Patient’s physical comfort is influenced by the psychosocial and spiritual dimensions. Increased social work services are associated with decreased pain control costs.

Assess for non-physical pain control interventions, including relaxation and meditation techniques.

9. Complicated anticipatory grief (e.g., guilt, depression, etc.)

Some factors interfere with resolution of anticipatory grief.
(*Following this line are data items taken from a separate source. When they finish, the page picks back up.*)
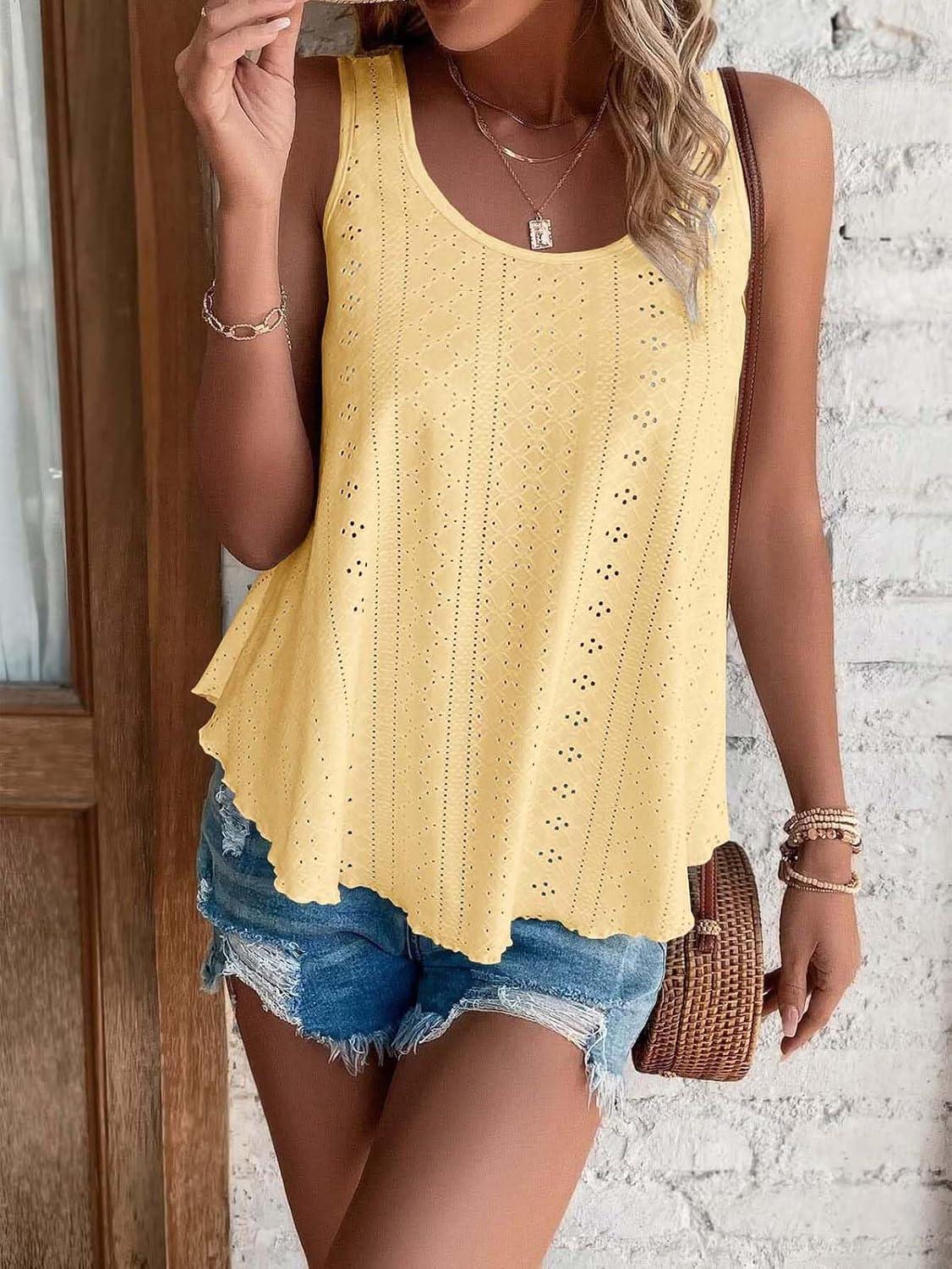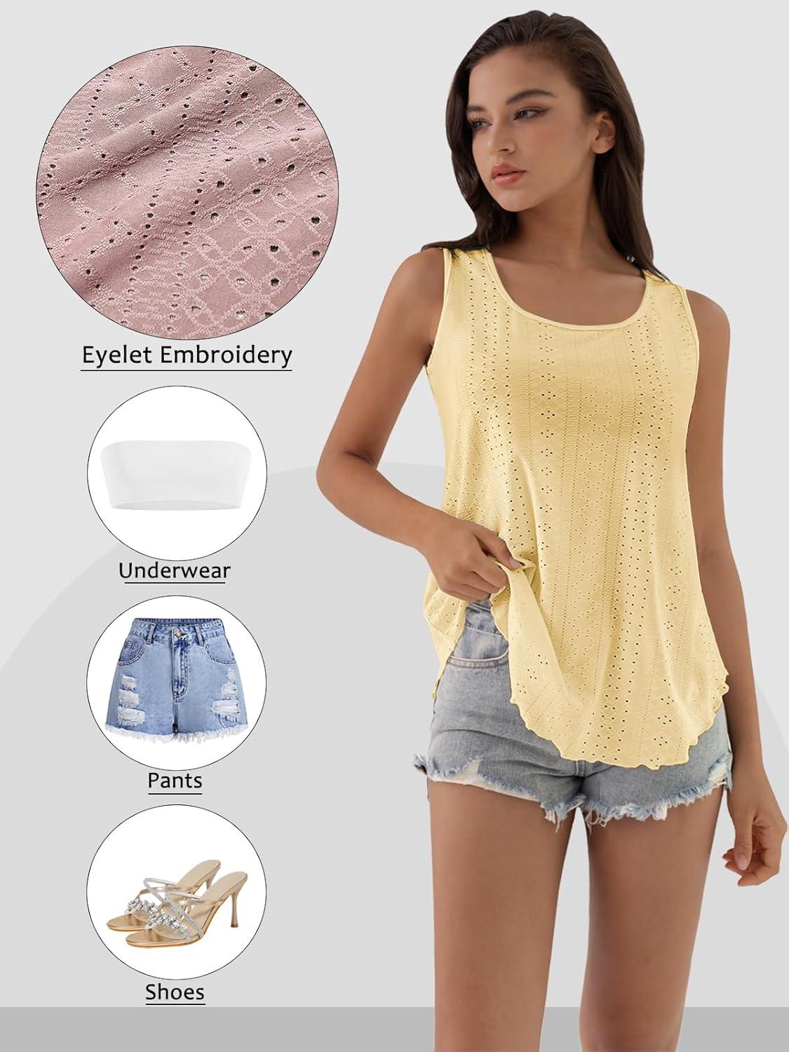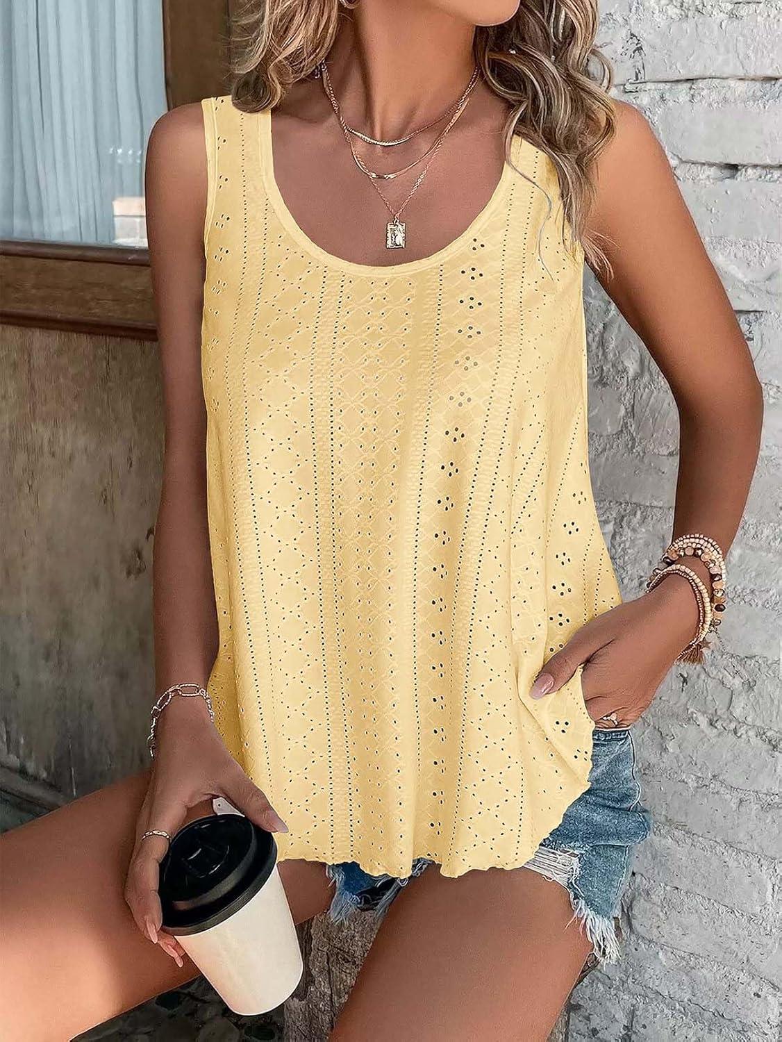ATHMILE Womens Tank Tops Sleeveless Eyelet Embroidery Scoop Neck Loose Fit Casual Summer Flowy Beach(Lightyellow)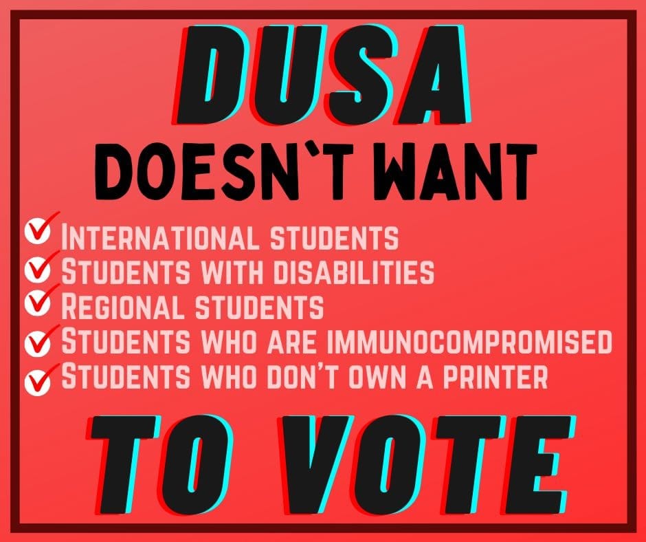“Off the back of government and university health advice, DUSA naturally concluded that its annual election, traditionally held via attendance polling, would need to be held via alternative methods,” Mr Whitten said.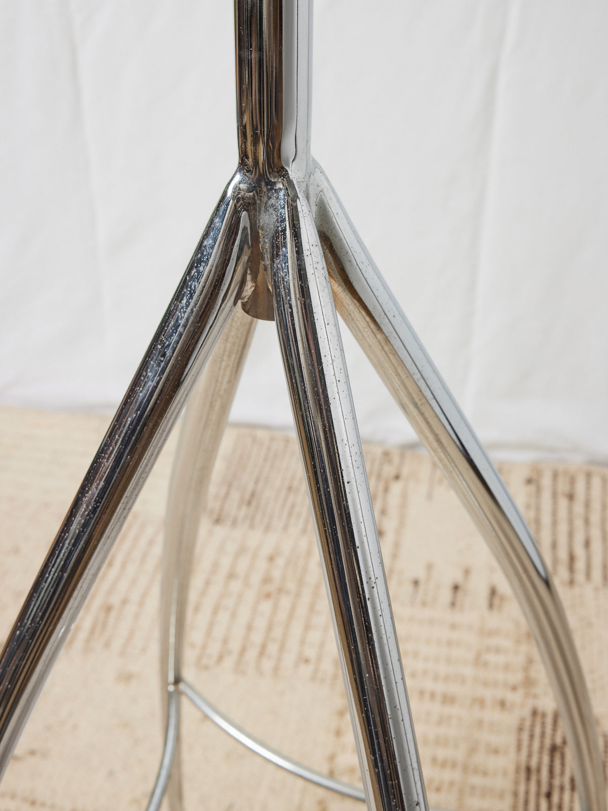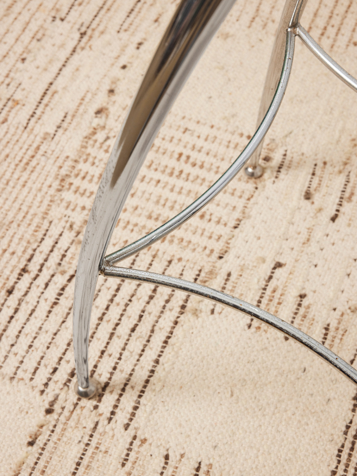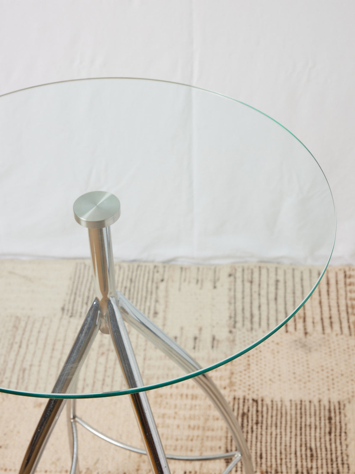 Elevate your dining area with this high table featuring a glass top and chrome base, designed to create an elegant and airy focal point. The translucent top diffuses light, while the chrome frame provides a contemporary and graphic silhouette, offering a refined presence without overwhelming the space. Ideal for a convivial aperitif area or as an extra counter in an open-plan kitchen, it invites conversation and shared moments.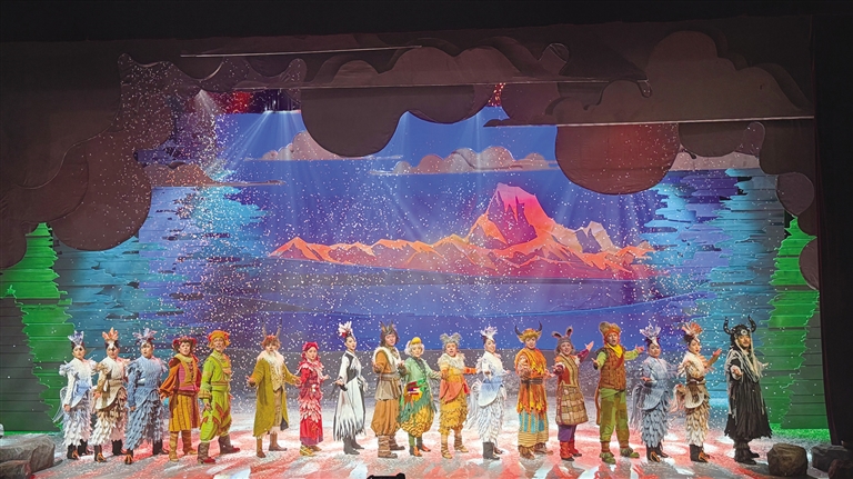 在《高原上的精靈》舞臺(tái)上,西藏傳統(tǒng)樂(lè)器的韻律與生態(tài)寓言相互交織。當(dāng)弦子、鷹笛和扎念琴的聲音劃破夜空時(shí),小觀眾們已沉浸其中。藏戲溫巴的藍(lán)面具在聚光燈下浮現(xiàn),藏戲特有的說(shuō)唱調(diào)式如雪山融水般流淌……《高原上的精靈》以80分鐘的音樂(lè)劇形式突破傳統(tǒng)話劇的敘事框架,這種形式選擇源于深刻的兒童心理洞察——音樂(lè)劇特有的歌舞敘事能持續(xù)刺激視覺(jué)與聽(tīng)覺(jué)神經(jīng),避免低齡觀眾對(duì)純對(duì)白場(chǎng)景產(chǎn)生倦怠感。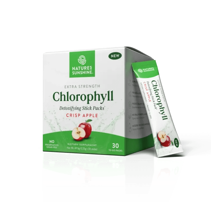 Nature’s Sunshine Chlorophyll Stick Packs Crisp Apple provide detox and digestive support with prebiotic fiber in a refreshing apple flavor for daily balance and hydration.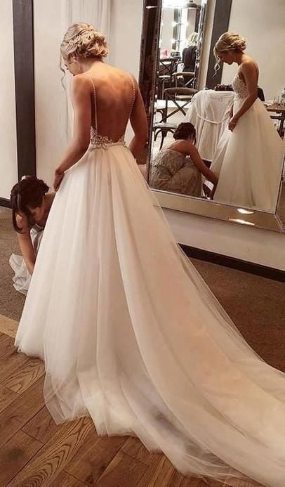 Fairy Ball Gown V Neck Lace White Wedding Dress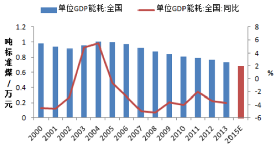 相比于世界水平,由于經濟結構和生產效率的原因,我國能耗水平較高。Wind資訊數據顯示,我國GDP單位耗能較高,2012年我國一次能源消耗占全球約21%,但GDP僅占全球的10%左右,單位GDP耗能超過世界平均水平的2倍,2013年度我國單位GDP能耗為0.74噸標準煤/萬元,單位耗能仍舊超過世界平均水平的2倍。近些年我國出臺了多部政策要求調整產業結構,淘汰落后產能,提高能效水平,并加強工業、建筑、交運、農業等行業的節能管理工作,逐漸建立并完善了節能行業產業鏈,包括節能相關材料(上游)、節能設備制造(中游)、節能應用和服務(下游)。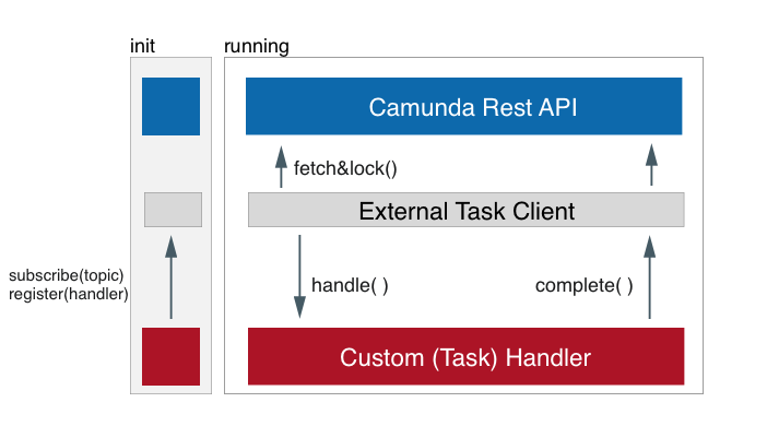 Handlers can be used to implement custom methods which are invoked whenever an External Task is fetched and locked successfully. For each topic subscription an External Task handler interface is provided.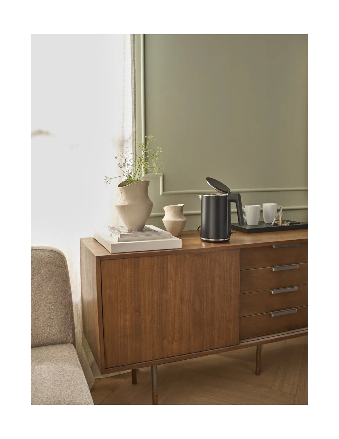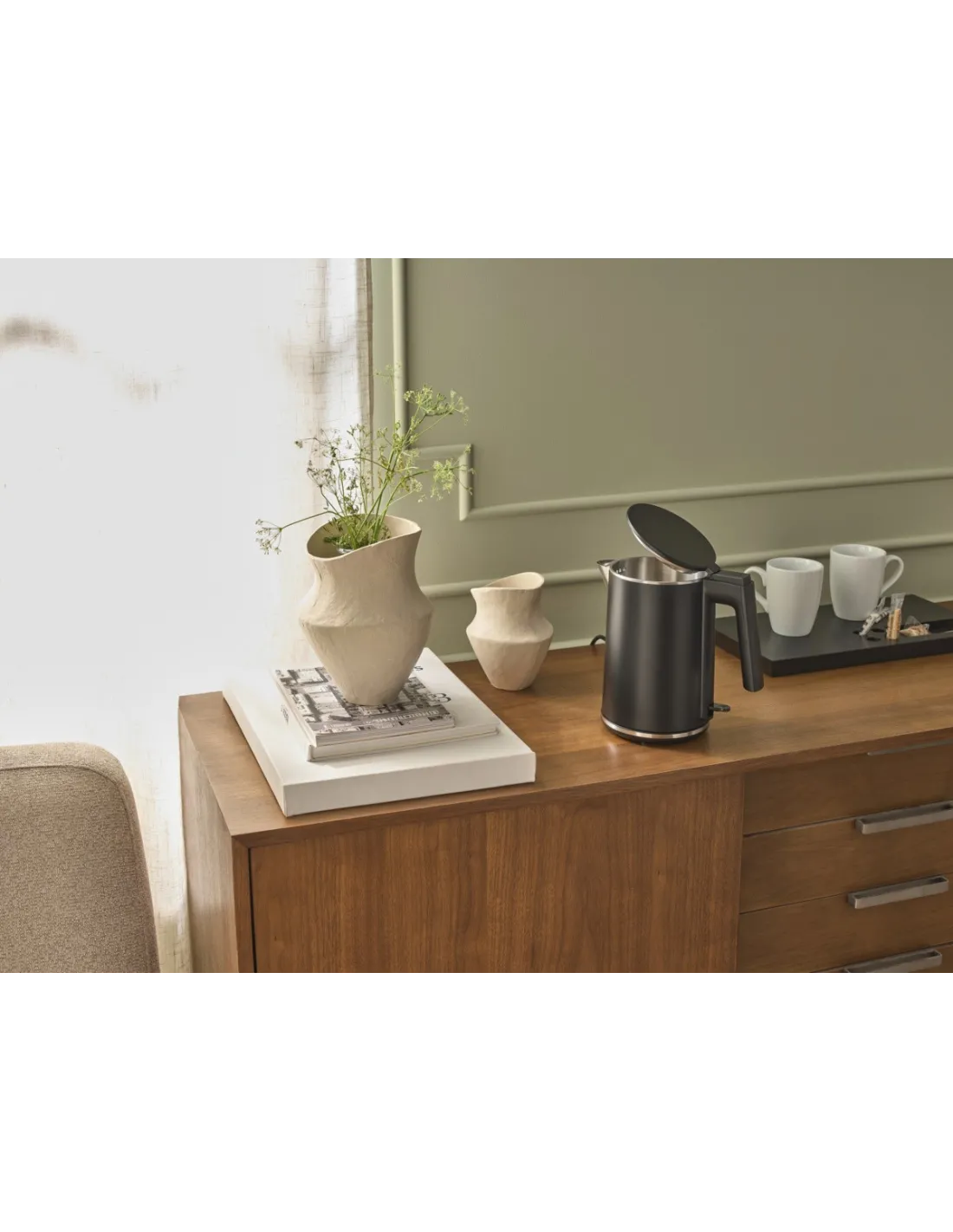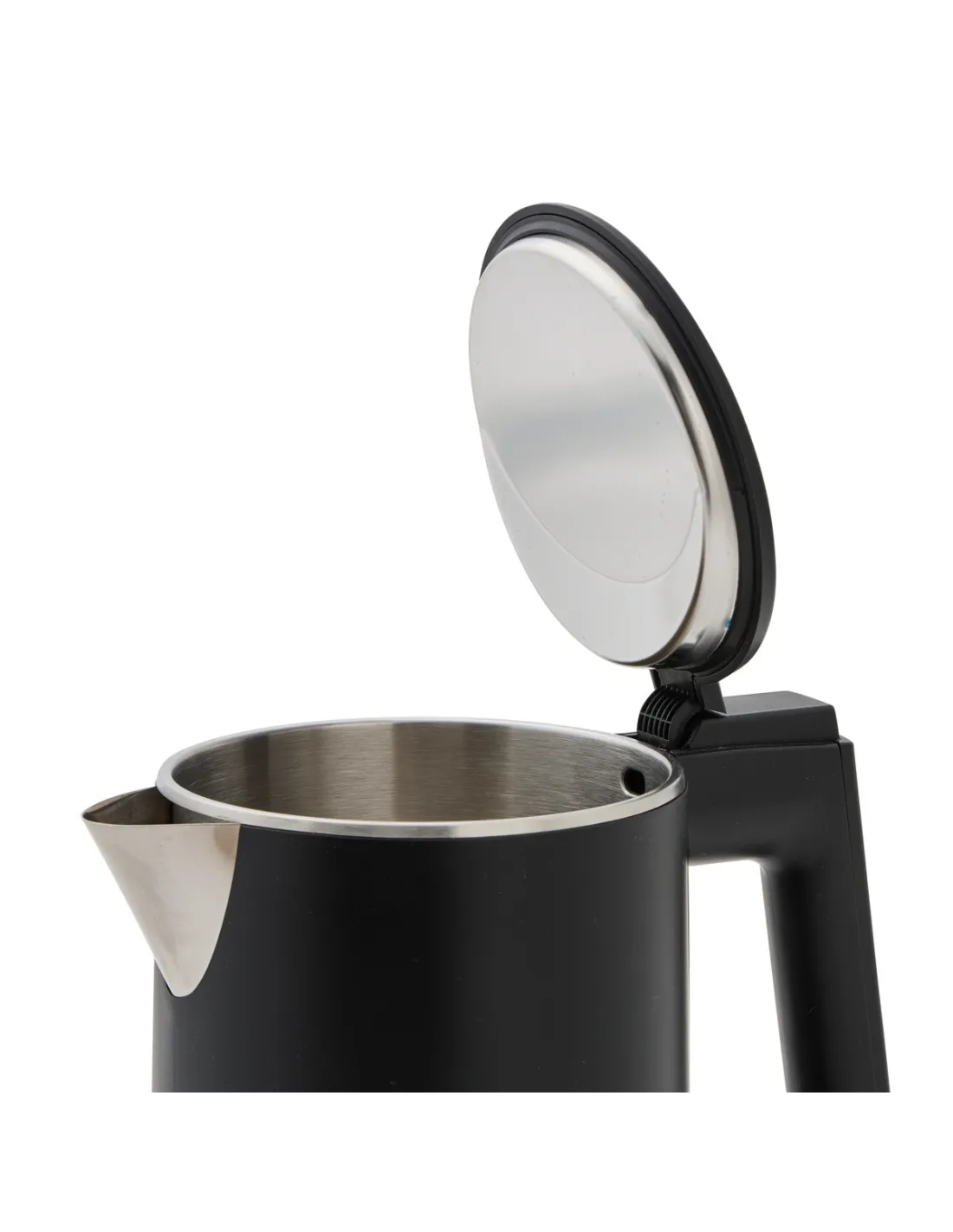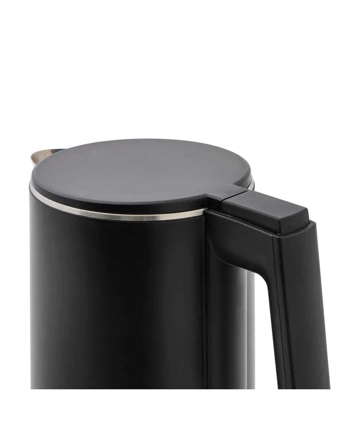 The 1500 W matte black electric kettle has a 1-liter capacity and is made of double-walled stainless steel. Its design suits various decorations and features an ergonomic handle for safe handling....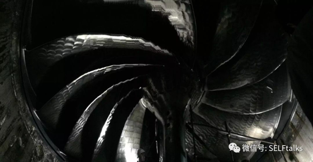 这个大家伙是三峡集团用来发电的一个水轮机。当水流冲刷叶片时,带动水轮机旋转,将动能转换成电能。水轮机很大,直径有20多米长,人站在它的面前显得非常渺小。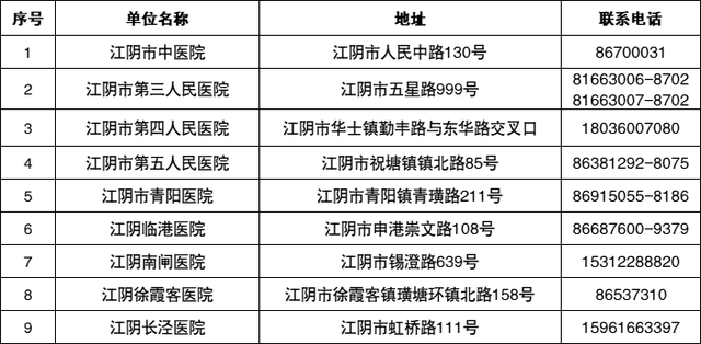 附:江阴开设发热门诊医疗机构名单(2022年5月7日更新)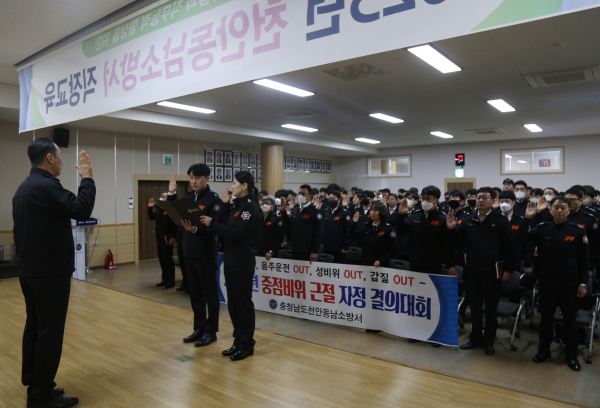 [충청뉴스 박동혁 기자] 천안동남소방서는 대회의실에서 전 직원의 신뢰받는 공직문화 조성을 위한 '중점비위 근절 자정 결의대회'를 실시했다고 29일 밝혔다.

These include guilt about one’s past actions, anger and depression in response to the terminal illness, spiritual questions. Patient cannot die in peace.

Assess patient’s beliefs and concerns, provide counseling, opportunities to resolve conflicts or ask for forgiveness, refer to religious leaders for specifically religious questions.

10. Awareness of prognosis

Lack of awareness of terminality although being informed of it.

Denial is a way of coping with death anxiety, but one cannot accomplish tasks of dying while in denial. Denial compromises patient self-determination. Denial of patient’s terminality by primary caregiver can lead to unsafe home conditions or lack of support for patient end-of-life decisions.

Avoid confronting the patient and stripping them of their denial. A little bit of denial is considered positive. Intervene when harmful situations develop. Patients go in and out of denial, and will bring up questions about their terminality during periods when they are ready to address it. Death anxiety leads to denial; reducing death anxiety by addressing spirituality will reduce denial.

11. Spirituality (e.g., higher purpose in life, sense of connection with all)

Different concept from religion. Religion has to do with a certain belief system, affiliating with an organized religion. Spirituality applies to everyone, regardless of religious or non-religious path. Finding meaning and purpose in life, sense of connection with all (nature, others, God, ultimate reality, according to one’s own belief system). Spirituality was the most frequently addressed issue in home visits to clients in a study of a Midwestern hospice. Addressed by all team members; refer to appropriate chaplain for specifically religious issues.

Help patient discover a higher purpose in life and a sense of connection or oneness with all. Encourage patient to resolve spiritual issues connected with the meaning of life and suffering, unfinished business, clarifying his/her belief system, relationship with the Ultimate, isolation, and transpersonal experiences. These may include reconciling with someone, praying for forgiveness, or forgiving oneself and asking for forgiveness from another.